Many of these are supported by the World Bank and many have been or are being rigorously evaluated. An ongoing Development Research Group study of the experiences to date in the health sector uses meta-analysis to distill results across these evaluations. Preliminary results point to substantial heterogeneity in impacts across countries and across indicators. Emerging findings suggest relatively large and statistically significant effects of pay-for-performance on facility deliveries and on the content of antenatal care visits, but limited or negligible effects on other indicators, including the likelihood of a woman having four or more antenatal care visits, the likelihood of a baby receiving postnatal care and a child being fully immunized. In education, too, the results to date are mixed. Some studiesref9,ref10 have found positive effects of pay-for-performance schemes on teacher behaviors and student learning, while othersref11,ref12 have found no effects.

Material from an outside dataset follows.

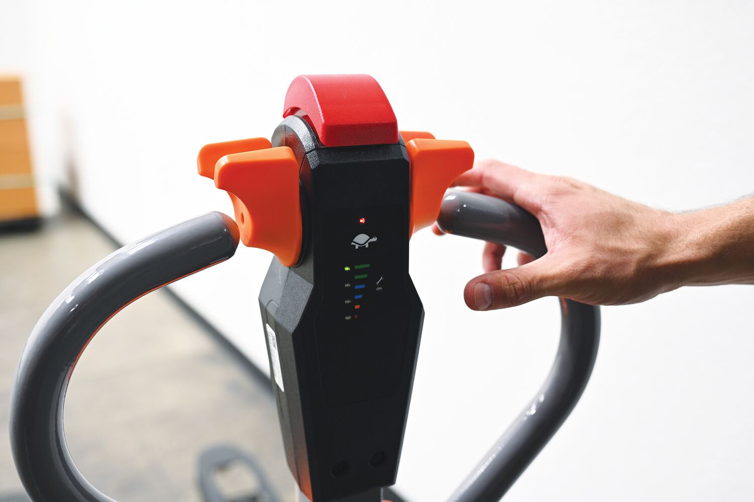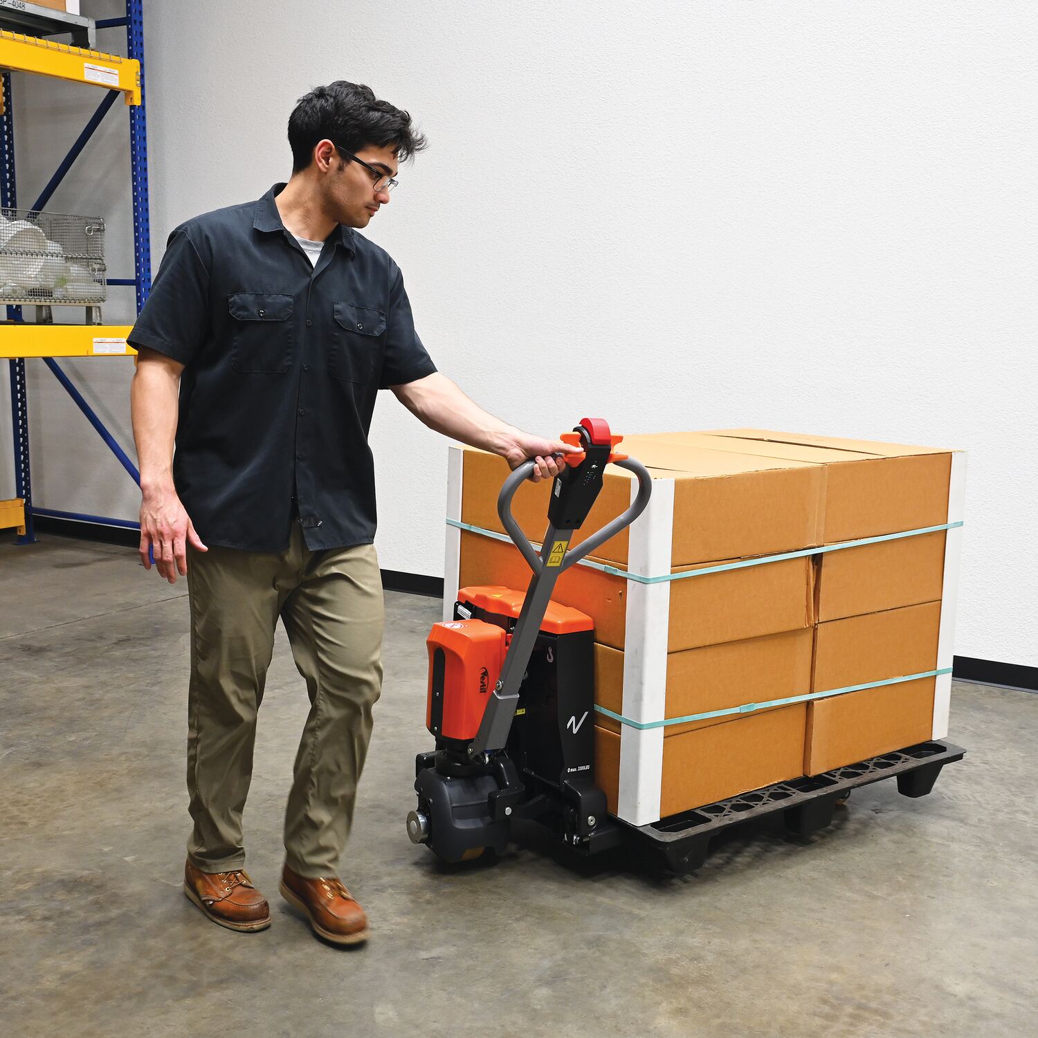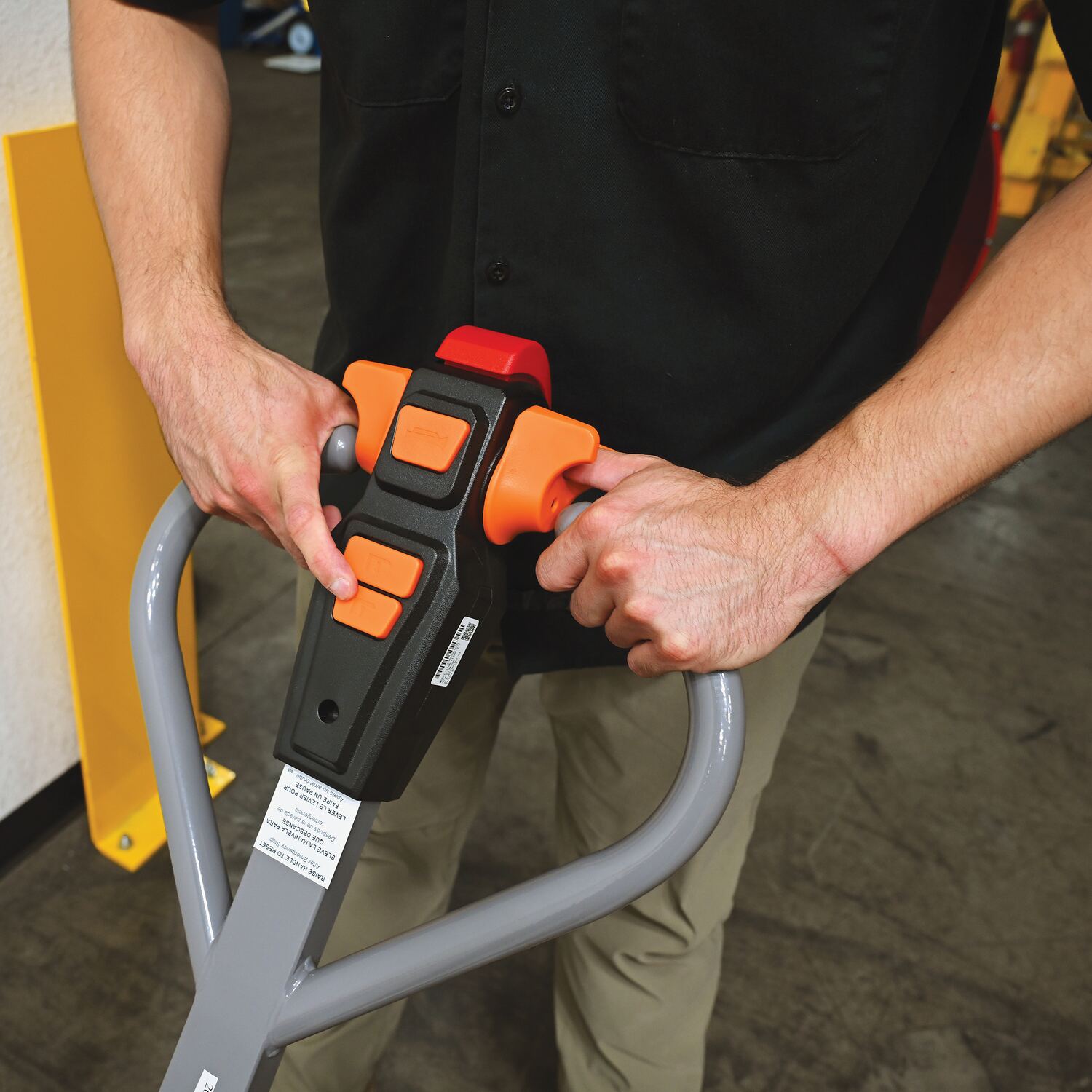 The electric pallet truck is the perfect change from the manual design. This construction design is built to last, withstand rugged daily use, and diminish manual labor. Multi-function capabilities such as the raise and lower buttons and emergency brake are located in the handle. The design of the handle is also ergonomically friendly, minimizing awkward slouching when maneuvering. All areas are easily accessible for general upkeep and cleaning. Truck can be used with the handle in the upright position for utilization in the small areas. Horn is also included. This model includes powered brakes, which lessens strain on workers and increases workplace safety.

The health meta-analysis is exploring the causes of the heterogeneity in results, which may be due to differences in the design of the pay-for-performance scheme (e.g., the generosity of the payments relative to cost) and its implementation. Evidence from the education sector is already pointing in this direction. A recent studyref13 found a pay-for-performance scheme in Tanzania’s schools was more successful if combined with additional spending on school inputs.

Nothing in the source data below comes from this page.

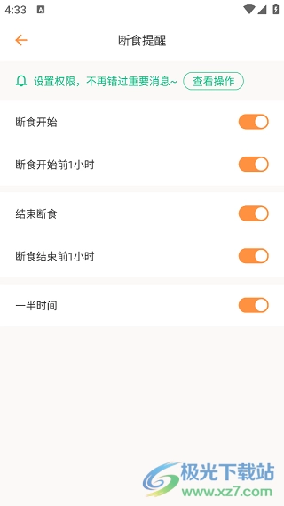 4、接着在弹出的“断食提醒”窗口里,依据自身的需求进行相关设置即可。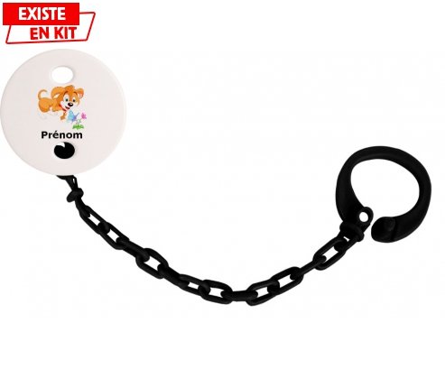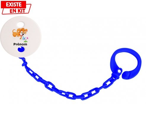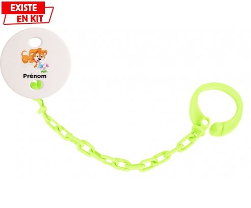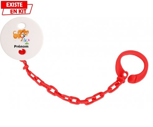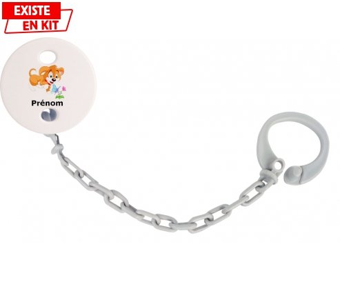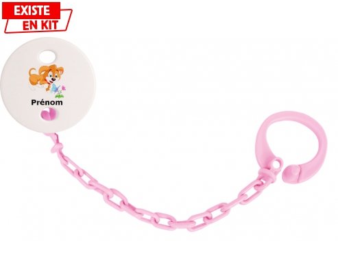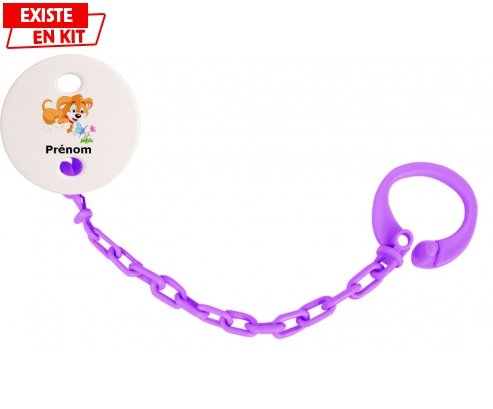 Offrez à bébé un accessoire unique et rassurant grâce à cette attache-sucette personnalisée. Son design adorable au motif chien, associé au prénom de votre choix,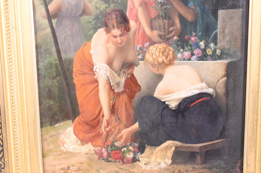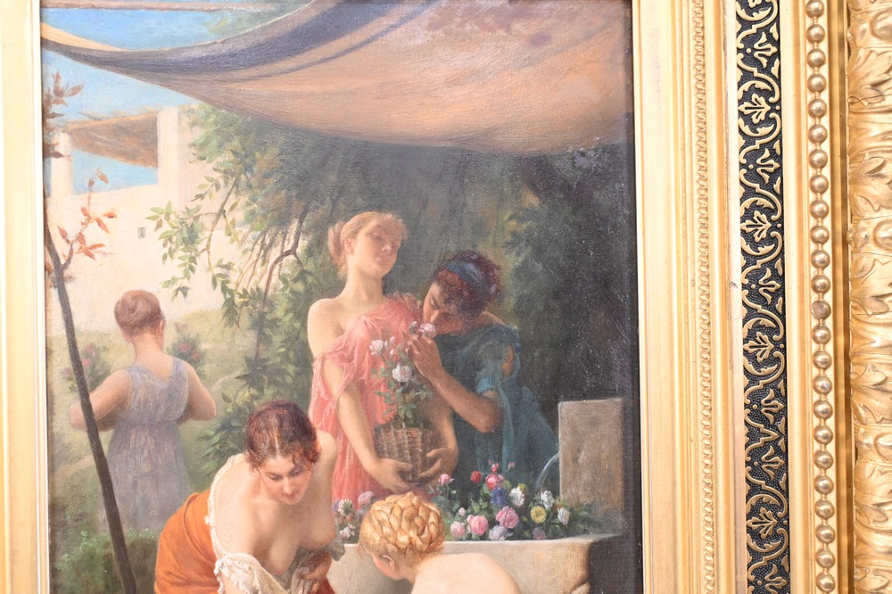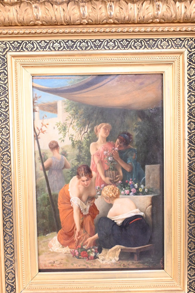 Lot 380: Gustave Clarence Rodolphe Boulanger (1824 – 1888), depicting four women with flowers having Orientalist style house in background, o…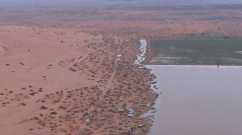 المصور محمد عثمان الطويل وثق بعدسة كاميرته الطائرة جمال الروضة وقد أضحت بحيرة طبيعية على ضفاف الكثبان الرملية.

In summary, all payment schemes shape service provider incentives, and all three basic schemes have advantages and disadvantages. Blending elements from one or more holds promise but getting the design and implementation of a blended provider payment scheme right is not straightforward.

Elena Glinskaya
September 09, 2021

Dear Deon and Adam, thanks for an insightful article noting that how social service providers are paid matters as much as how much they are paid. I fully agree and to take a more complicated case, let’s consider long term care services for the elderly. Unlike education or health services, a public entity that commissions them is typically not a monopsonist in purchasing them, but rather a regulator and also a financier/purchaser for some groups of users. Providers receive payments from a public entity and also out-of-pocket payments. As a share of providers’ revenue, the out-of-pocket is considerably larger for aged long-term care compared with education or health services. It would be interesting to have a conversation on how to design a payment mechanism (for public resources) and how to complement this with regulations (if any) for out-of-pocket payments so as to improve quality and access for all consumers.

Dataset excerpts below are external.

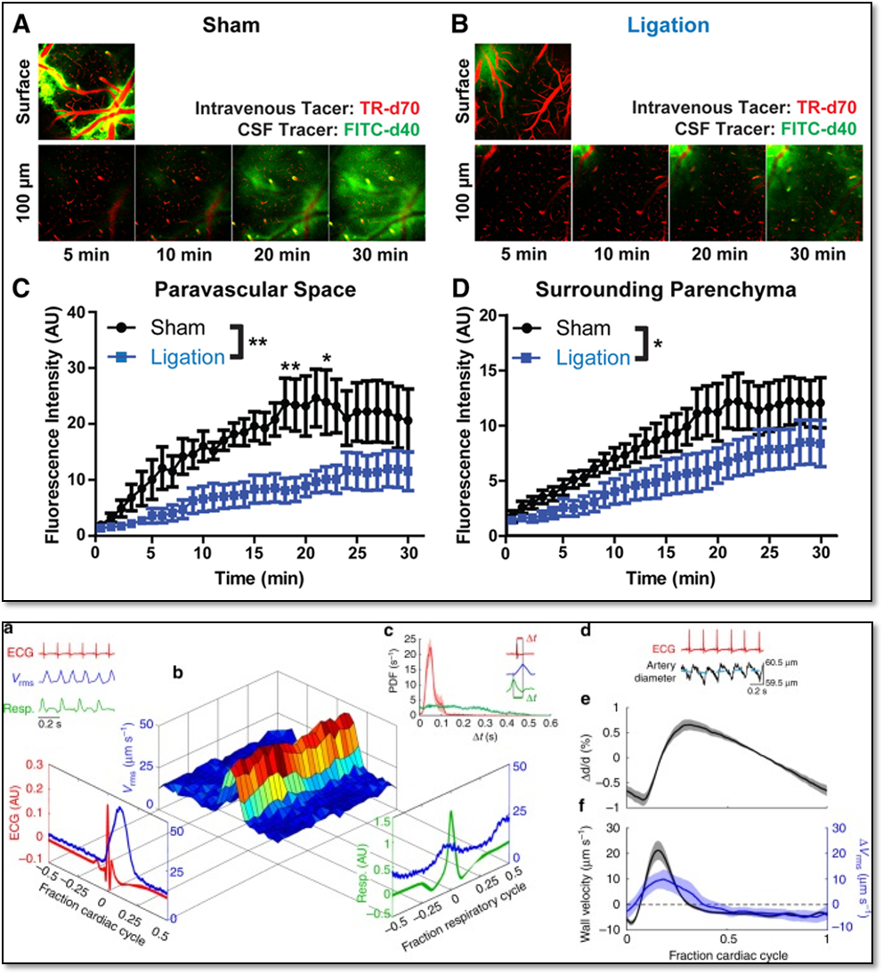 图:减弱动脉搏动可以减缓脑脊液示踪剂进入和通过大脑皮层的速度;脑脊液的流速是与心动周期相关的脉冲信号,与动脉搏动速度相匹配,当血压升高和动脉搏动减弱时,PVS中的反流也会增加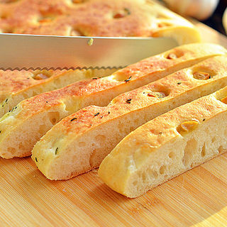 原料:金像高筋面粉、盐、即发干酵母、水、橄榄油、蒜瓣、橄榄油、新鲜迷迭香、盐。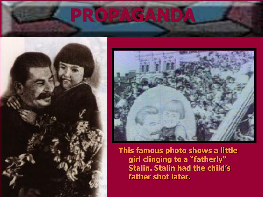 PROPAGANDA This famous photo shows a little girl clinging to a “fatherly” Stalin. Stalin had the child’s father shot later.

Moritz Piatti-Fuenfkirchen
September 09, 2021

Thanks for this thoughtful piece.

Perhaps there is one more option...that providers don't get paid? In some countries providers are not recognized as spending units or cost centers in the PFM system. Providers are not budget holders. They have no autonomy and are not allowed to receive or spend funds. If user fees are collected, PFM rules might require these to be swept back to treasury. Instead the district administration has the mandate to spend on their behalf. Providers might get some in-kind support from districts, but buckets are leaky. This creates an accountability gap as districts are accountable for financial management while providers are accountable for the delivery of services. Yet, the financial management systems infrastructure generally stops at the district level.

For these cases there is effectively no purchasing. Purchasing would require at least some degree of provider autonomy. For these cases - which sadly still exist - initiating this basic dialogue of who providers actually are in the government budget structure can be immensely helpful. Thanks for bringing this up - I'm looking forward to your thoughts.